Pay-Per-View For The Masses, Says Warner Bros. In Big MSO Pitch

Warner Bros, has launched a new campaign to persuade more cable subscribers to buy films on pay-per-view.

Ed Bleier, president of pay-tv, animation and network features at Warner Bros., last week outlined the pitch he’s delivered to most of the large multisystem owners based on a study of the 11 cable systems that rack up the biggest bucks from p-p-v.

The most important common denominator among these 11 systems is that they’re “devoting as many as four channels to p-p-v, so movie offerings can be made available more frequently and more conveniently,” Bleier said at his press conference here. The Warners’ study parallels national buy-rate estimates that show two-channel systems doing twice as well as those with one p-p-v channel and three-channel ones doing almost three times as well.

Bleier said that his research dug up other factors common to successful systems, among them:

* The best scheduling is the simplest. One or more “continuous hits” channels would run the same big-grossing film 24 hours a day for at least one full week.

* The ideal system hires at least one full-time executive to do nothing but focus on p-p-v.
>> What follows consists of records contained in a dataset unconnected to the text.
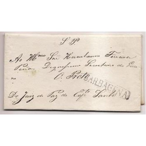 Etiquetas: 1839-Carta para Ouro Preto isenta de porte com cbo de saída "Barbacena" linear com cercadura
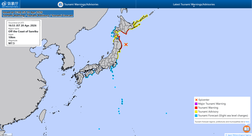 JMA đã ban hành cảnh báo sóng thần đối với vùng ven biển Thái Bình Dương thuộc tỉnh Iwate và một số vùng của Hokkaido và Aomori, trong đó dự báo sẽ có sóng thần cao tới 3m.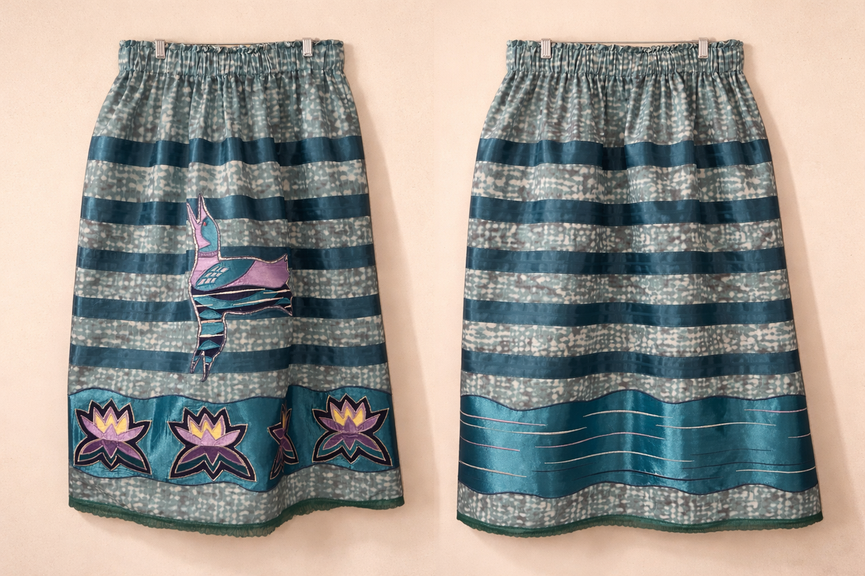 Wearable pieces made with intention-ribbon skirts, handbags, indigenized wear. Each piece is one of a kind.

* The viewer needs to be able to order a film easily, preferably by just punching up a number on his phone. When the cable system forces the viewer to remember personal-access codes and multi-digit movie numbers, it’s inviting him to bypass p-p-v and rent newer theatricals from the local video store.
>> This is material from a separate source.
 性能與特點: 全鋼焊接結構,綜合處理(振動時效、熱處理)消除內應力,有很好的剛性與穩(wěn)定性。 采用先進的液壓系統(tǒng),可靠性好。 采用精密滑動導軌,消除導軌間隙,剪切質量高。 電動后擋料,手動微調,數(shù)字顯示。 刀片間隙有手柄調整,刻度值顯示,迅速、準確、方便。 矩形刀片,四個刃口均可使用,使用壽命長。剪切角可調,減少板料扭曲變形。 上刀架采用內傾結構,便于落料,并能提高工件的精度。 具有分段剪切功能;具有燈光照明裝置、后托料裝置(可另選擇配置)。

* A 24-hour barker channel should be constantly promoting p-p-v films and events. And the cable system should schedule lots of 30-second spots for p-p-v in the local adjacencies it gets from all of the basic-cable networks.

* The two biggest p-p-v networks – Viewer’s Choice and Request Television – “are the problem, not the solution,” according to Bleier. “They’re geared to the ideology of their owners, not to getting the best results” from their subscribers. Stand-alone systems that side step the middlemen and instead deal directly with the film companies have better buy-rates than systems tied to V.C. and Request, he said.

* Systems should offer p-p-v to all subscribers, not just those who buy at least one paycable channel, even if that strategy would result in a sizable investment in addressable (two-way) technology.

Bleier said there’s room for p-p-v growth even among the 11 systems that score the best. For example, none of the 11 systems in the study allows viewers to subscribe to a film on the spur of the moment, the so-called “tune in anytime” capability.

The most agressive of the 11 now gross a monthly subscriber fee of $4.15 for p-p-v movies and events. But Bleier said, “As much as $10 monthly per p-p-v subscriber is attainable, if systems commit to the elements necessary for p-p-v success.”

The 11 systems in the Warner study are Cablevision of Baton Rouge (La.), Monmouth Cablevision (Belmar, N.J.); Time Warner Cable (Brooklyn/Queens, N.Y.); Garden State Cable TV (Cherry Hill, N.J.); Warner Cable (Columbus, Ohio.); Riverview Cablevision (Hoboken, N J.); Comcast Cablevision (Philadelphia); Continental Cablevision (Westfield, Mass.), and the Paragon Cable systems in Minneapolis, Portland and San Antonio.